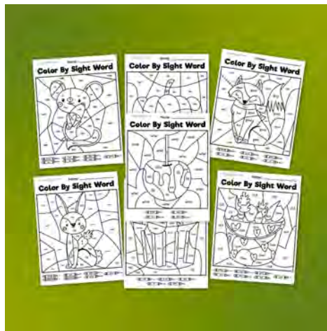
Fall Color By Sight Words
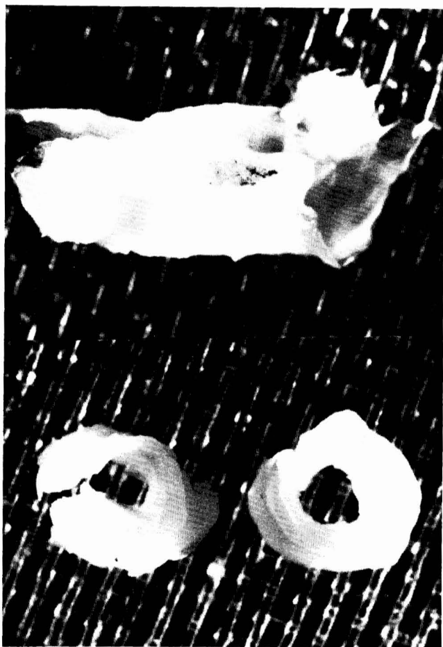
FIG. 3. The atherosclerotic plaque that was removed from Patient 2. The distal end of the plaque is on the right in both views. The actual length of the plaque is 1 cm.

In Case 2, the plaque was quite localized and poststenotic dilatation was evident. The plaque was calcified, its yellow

------------------------------------------------

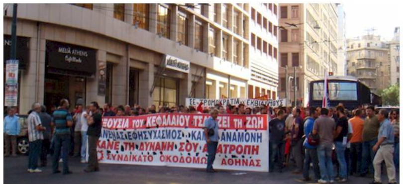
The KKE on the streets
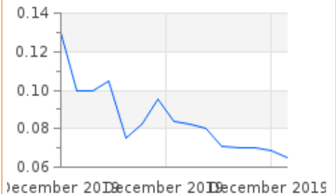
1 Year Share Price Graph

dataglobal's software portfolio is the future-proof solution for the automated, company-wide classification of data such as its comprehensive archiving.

------------------------------------------------

*What is required*
In the material above, each line with the word "plaque" should be copied.

*Result of this exercise*
FIG. 3. The atherosclerotic plaque that was removed from Patient 2. The distal end of the plaque is on the right in both views. The actual length of the plaque is 1 cm.
In Case 2, the plaque was quite localized and poststenotic dilatation was evident. The plaque was calcified, its yellow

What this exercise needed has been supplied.